SERİLER
Benimsin
2016
Tasfiye
Birkaç yıldır gündemimde bu var. Ne çok eşya biriktirmişiz ailece. Onlardan kurtulma işi bana verildi. Ama ne mümkün. Günün birinde işe yarar düşüncesiyle poşetlere, kutulara, çekmecelere, odalara yığılmış irili ufaklı, eski püskü şeyler.

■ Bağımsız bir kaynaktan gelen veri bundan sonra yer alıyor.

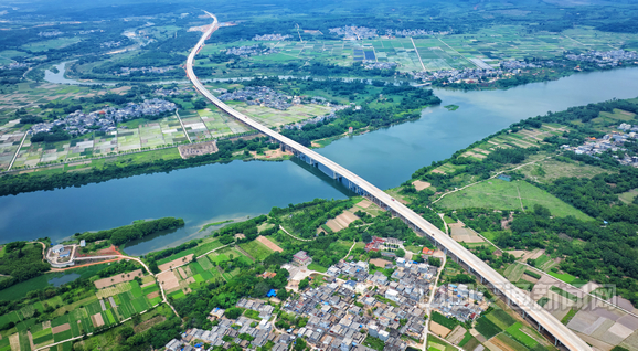 近日,海南文臨高速公路定安至澄邁段南渡江特大橋橋梁工程建設全部完工(如圖),正在進行路面工程建設。
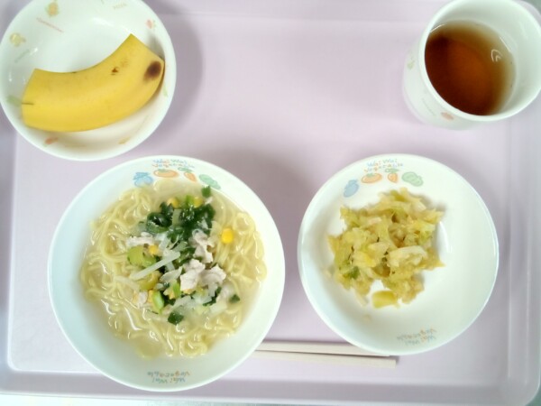 味噌ラーメン、キャベツのごま和え、バナナ
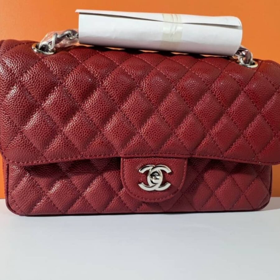 Chanel Medium Classic Flap Bag Sliver Hardware Burgundy / 25Cm / 9.8inches
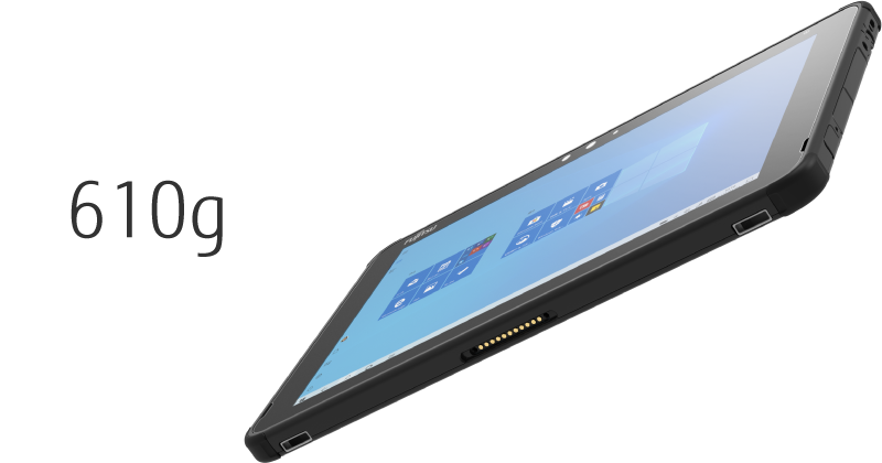 優れた防水/防塵性能に加え、高い堅牢性を兼ね備えた本体。パワフルなCPUと大容量のメモリを詰め込みながらも、液晶画面のガラス薄型化、筐体の薄肉化など細部部品まで見直しを行い、本体質量約610gを実現しています。さらに、持ちやすさを追求した六角形スタイラスペンも本体収納が可能。使いやすさも兼ね備えています。
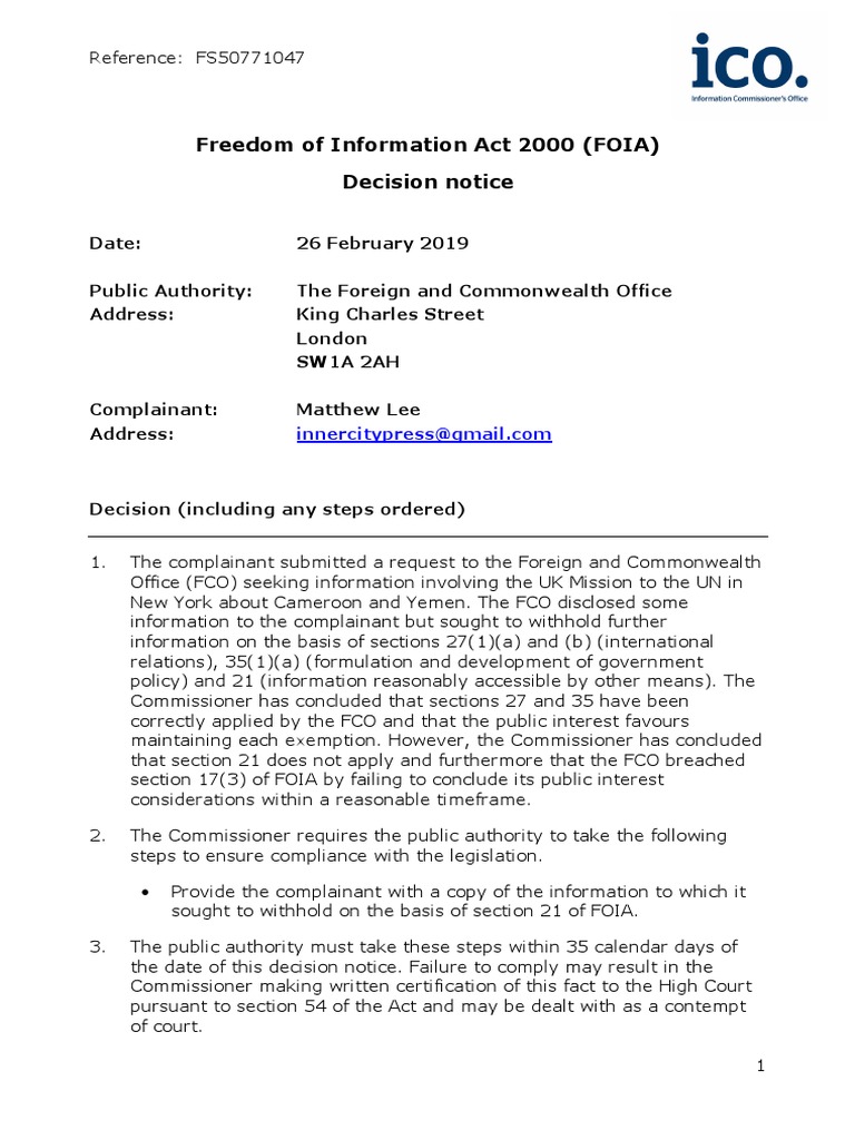 13. The complainant contacted the FCO on 24 March 2018 in order to ask
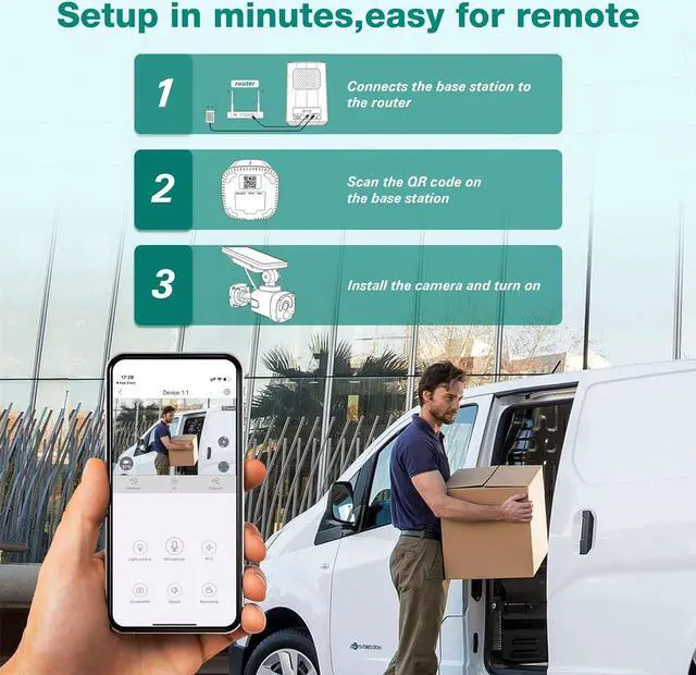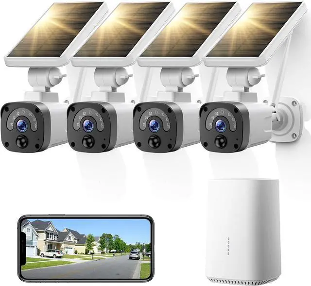 Solar Powered &100% WirefreeNo additional power supply is required, the 4 solar security cameras are equipped with solar panels and rechargeable batteries to provide non-stop power, so you do not need to take off the cameras for recharge frequently.100% No Hassles of Wiring, can be installed anywhere. (Notes: The base station does not support connecting to the network via 2.4G/5G WiFi,

İşe yaradılar. Bu sergiye vesile oldular.
Objeler
Onlara çok ama çok yakından bakmak istedim. Değişmiş, tanınmaz hale gelmişler. İşlevlerini, kimliklerini kaybetmişler. Çoğunu tanımıyorum. Yok olma yolundalar. Toz var. Çok fazla toz var. Toz taneciği meğer bir nokta değil bir iplikçik imiş. Tüm bu objeleri de ince lifler, çizgisel sıralanmalar, zincirler oluşturuyor. Toz tanecikleri belli ki böyle eşyalardan, belki canlılardan, cansızlaşarak kopup dağılmışlar. Her yerdeler. Bazıları da ben objeleri fotoğraflarken, o esnada kurtuluyorlar büyük yapıdan. Toz tekrar eşya oluyor mu?
Eski fotoğraflar
Elbette. Çok fazla fotoğrafım var. Eskicilerden gelenlerle ailemden gelenler birbirine karışma yolunda. Kim bunlar? Onlar da atılacak birer eşya olmuş. Bu eski fotoğraflar kartondan, gümüşten, jelatinden ve ışıktan yapıldılar. Şimdi hepsi kaynaklarına geri dönme yolundalar. Bu solma, yok olma sürecini hızlandırmak istedim. Taklit ettikleri insanların yanına yollamak istedim onları ve onları bu hale ben getirdim. Fotoğrafladım ve azat ettim.
Videolar
Biri inşa, diğeri imhaya dair. Birini, çarkıfelek bitkisinin bir tutam ölü deliotu içinde yerleşeceği adresi arayışını hızlandırdım, diğerini, ilk alev söndükten sonra kıvılcımların yanmış kağıt ve pamuk lifleri içinde yakacak yer aramalarını ise yavaşlattım. Gördüm ki, inşa ve imha aynı dansa sahip. İkisinin adımlarını uydurdum.